# Anyone think mantidforum is to slow?



## Ian (Sep 9, 2007)

Okay...well I am trying to convince Orin to move the forum to a faster server...so thought I would create a public poll!

If any of you find the forum far to slow (which most of the time gives me problems when posting; hence I don't post so much any more) then please take part.

Thanks!


----------



## ShibaTheFox (Sep 9, 2007)

It is somewhat slow but it beats alot of sites i go to by far. It takes about 1 second and a half to load a page. Although i have a pretty fast computer. Unless someone else's computer runs really slow here i think it should stay if its a cheaper host.


----------



## Ian (Sep 9, 2007)

I also have a relatively fast connection, but I am constantly getting time outs and server cut outs from the site.

It was the same when I was with shared hosting, but when I moved to a VPS the speed was not an issue any more.

I think it is totally worth moving to a faster server, especially as the forum is growing.

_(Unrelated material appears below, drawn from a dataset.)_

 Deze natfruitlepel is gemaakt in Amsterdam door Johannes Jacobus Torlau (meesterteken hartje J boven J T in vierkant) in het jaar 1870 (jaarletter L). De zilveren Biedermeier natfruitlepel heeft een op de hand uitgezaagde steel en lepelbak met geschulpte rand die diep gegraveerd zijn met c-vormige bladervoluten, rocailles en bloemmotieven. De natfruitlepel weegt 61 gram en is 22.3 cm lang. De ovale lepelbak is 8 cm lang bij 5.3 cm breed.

A shared server will not manage to a lot longer IMO.


----------



## Rick (Sep 9, 2007)

Not at all. It doesn't need a faster server it needs an update to a new version of the software.


----------



## Deutschherper (Sep 9, 2007)

It's not slow on my computer.


----------



## asdsdf (Sep 9, 2007)

Sometimes, it's slow, but most most of the time, it's faster than lots of other websites. Do you have wireless? If you do, moving closer might speed things up a bit.


----------



## OGIGA (Sep 9, 2007)

I don't think it's slow. Maybe there's a problem with the connection from US to UK. Who knows?


----------



## Andrew (Sep 9, 2007)

Well, I have to be honest and say that the forums really aren't that slow for me. Then again, I've got a pretty fast computer/internet. We're bound to need a new server sooner or later though.


----------



## chun (Sep 10, 2007)

it's fine as it is. Am not fussed about waiting a second and a half for it to load or even a minute. Losing an extra second of our life/relogging in etc wont exactly harm us; so i dont really see the point in splashing more money for a quicker server...if it was something to do with not enough storage space, i can understand.

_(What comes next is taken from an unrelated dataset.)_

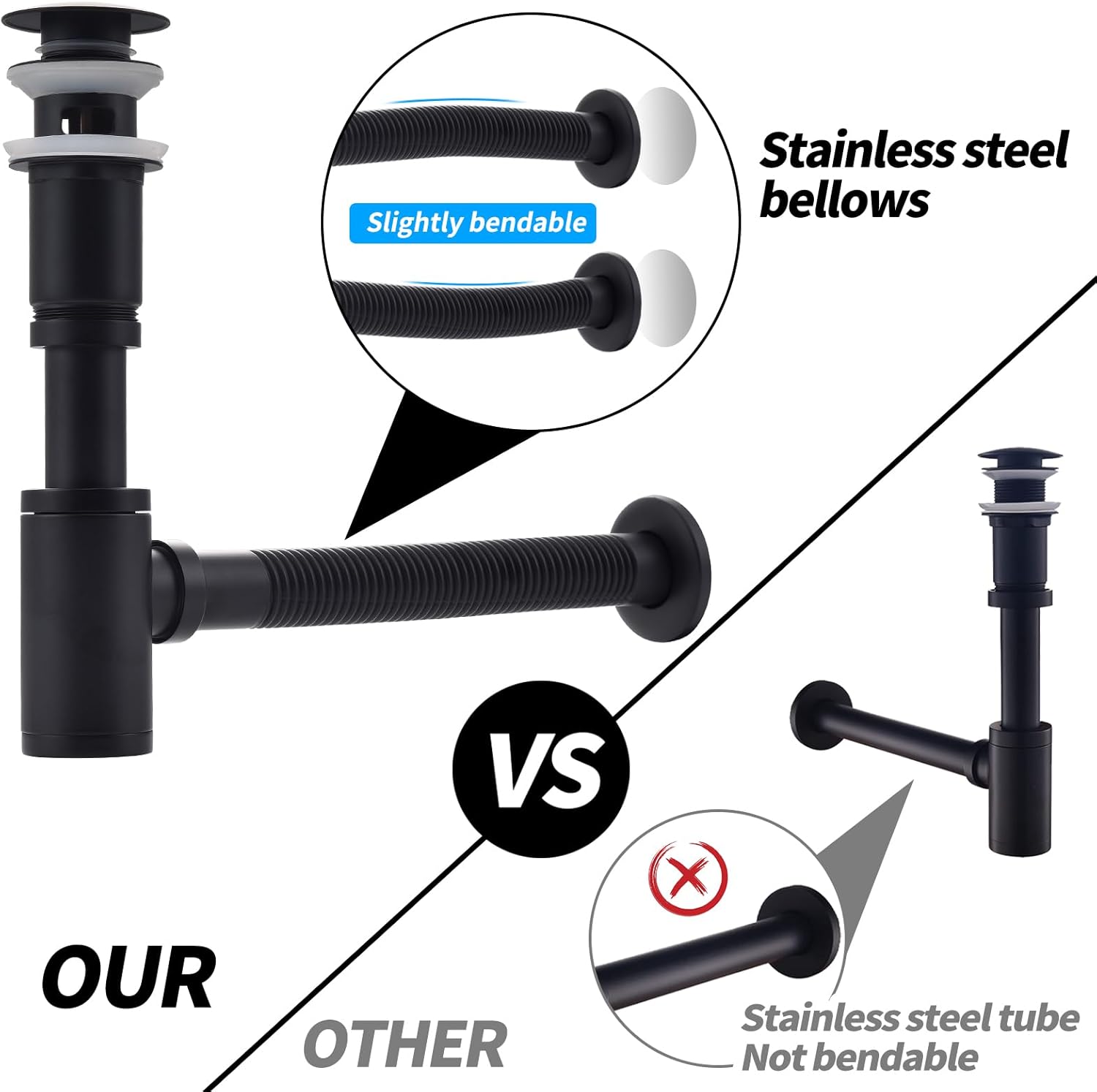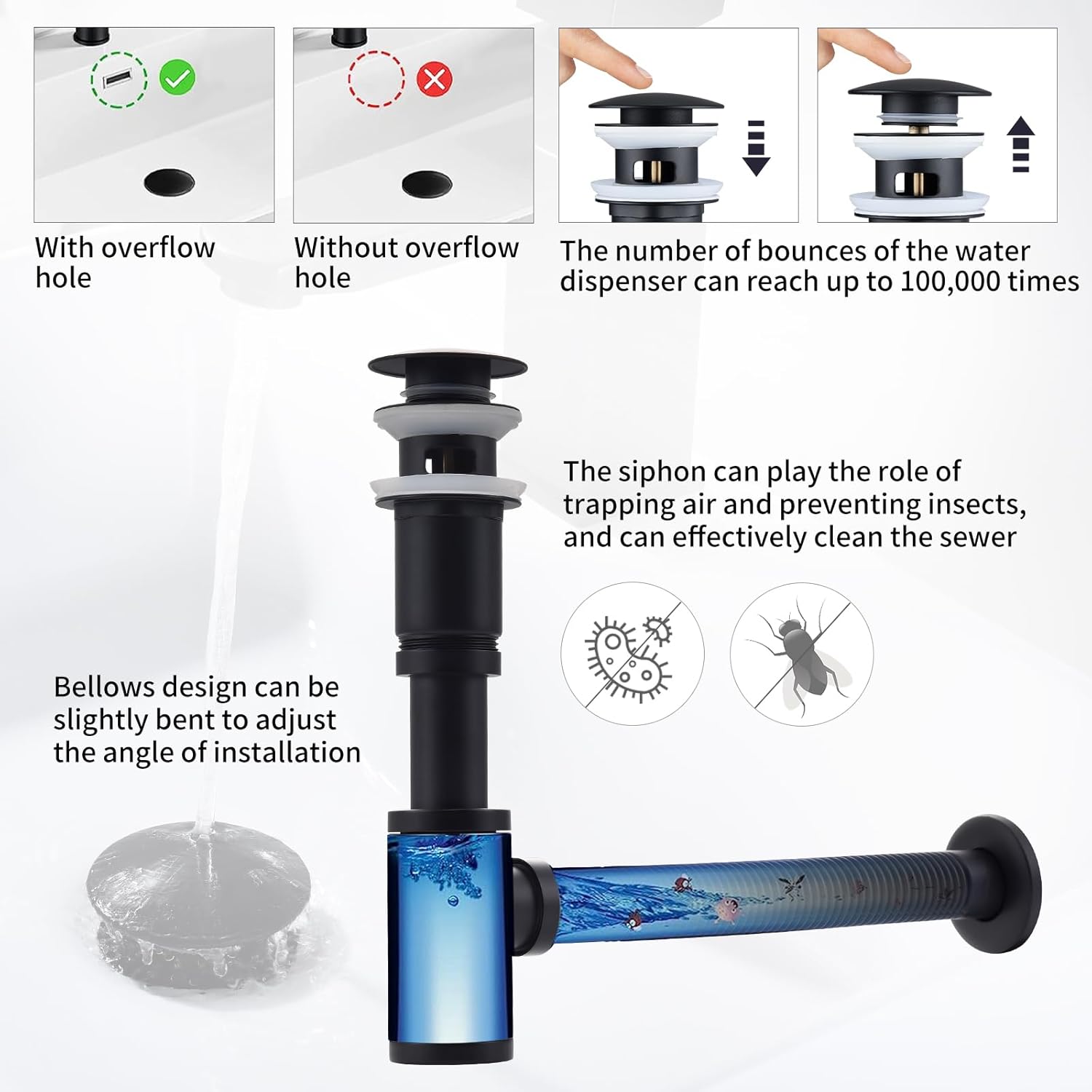 Ta visokokakovostni sifon s pop-up odtokom je izdelan iz trpežne medenine in nerjavečega jekla, odporen proti koroziji in primern za dolgotrajno uporabo. Vgrajeni filter in dvojni tesnilni sistemi preprečujejo zamašitve in puščanje, nastavljiva dolžina in gibljivost pa omogočata enostavno namestitev na različne umivalnike.

Definitely agree with Rick, those more and more spambots are slipping through.

That's my 2 pennies worth

Keep up the hard work mantidforum


----------



## Ian (Sep 10, 2007)

Dam, I guess my case is lost!

Yea I do have wireless...I am sure it's not my internet connection as I don't seem to have any problems elsewhere.

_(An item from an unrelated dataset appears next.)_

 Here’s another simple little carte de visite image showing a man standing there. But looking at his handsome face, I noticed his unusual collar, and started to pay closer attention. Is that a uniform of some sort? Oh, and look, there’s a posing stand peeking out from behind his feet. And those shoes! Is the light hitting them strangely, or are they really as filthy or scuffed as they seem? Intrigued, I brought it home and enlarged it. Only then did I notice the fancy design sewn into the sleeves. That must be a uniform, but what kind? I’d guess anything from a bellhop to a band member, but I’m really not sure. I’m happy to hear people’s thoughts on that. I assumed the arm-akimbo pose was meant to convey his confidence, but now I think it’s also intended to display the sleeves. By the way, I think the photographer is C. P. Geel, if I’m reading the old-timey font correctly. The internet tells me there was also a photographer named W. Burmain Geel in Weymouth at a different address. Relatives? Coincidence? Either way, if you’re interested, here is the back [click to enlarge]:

Could well be to do with me being in the UK (although Chun says he has no probs.) Although, I know Rebecca has the same probs as I do, and she is in the US.

Ah well.



> Not at all. It doesn't need a faster server it needs an update to a new version of the software.


It doesn't seen a software update, it needs a software change. As Orin already stated, moving to IPB will be a good step. Either IPB or vbulletin will certainly help minimlaise spam.


----------



## hibiscusmile (Sep 10, 2007)

Yea, I pm a lot of members here, I constantly have to copy what I wrote, &amp; try to resend it later by pasting, which is lost if I have to copy someone else before I get thru. waaaaaaaaaa because the mail is always on error message, I can get thru one time in 10 if I am lucky, I have the fastest (not bragging, just business) internet connection there is here, and I do a lot of waiting. I check my speed all the time at speakeasy.com. So it is not me, consider this, if you do not do a lot of PM's or are not on when most others may be: ie after work, lunchtime ect. then maybe you do not experience same problems :{


----------



## joossa (Sep 10, 2007)

I don't find it slow at all. I am on dial-up most of the time, and the only time I have a lag is when I view the "Mantid Photos" section of the forum... even then, it's not THAT slow (compared to other forums).


----------



## hibiscusmile (Sep 10, 2007)

WHAT :shock: What do ya think Ian, a conspiracy maybe :roll: :wink:


----------



## Ian (Sep 10, 2007)

Definitely rebecca! I think my internet connection has been cursed actually, to purposely slow load the forum 

Ahhh well. Not a biggy. We will survive....I hope!


----------



## hibiscusmile (Sep 10, 2007)

You know it's not like another server will change things, we will still have what we have now plus maybe more, a CHAT ROOM would be O ever so nice!


----------



## Ian (Sep 10, 2007)

Very true. I was just concerned as I thought the slowness was effecting everyone, which would have been a great let down for the forum.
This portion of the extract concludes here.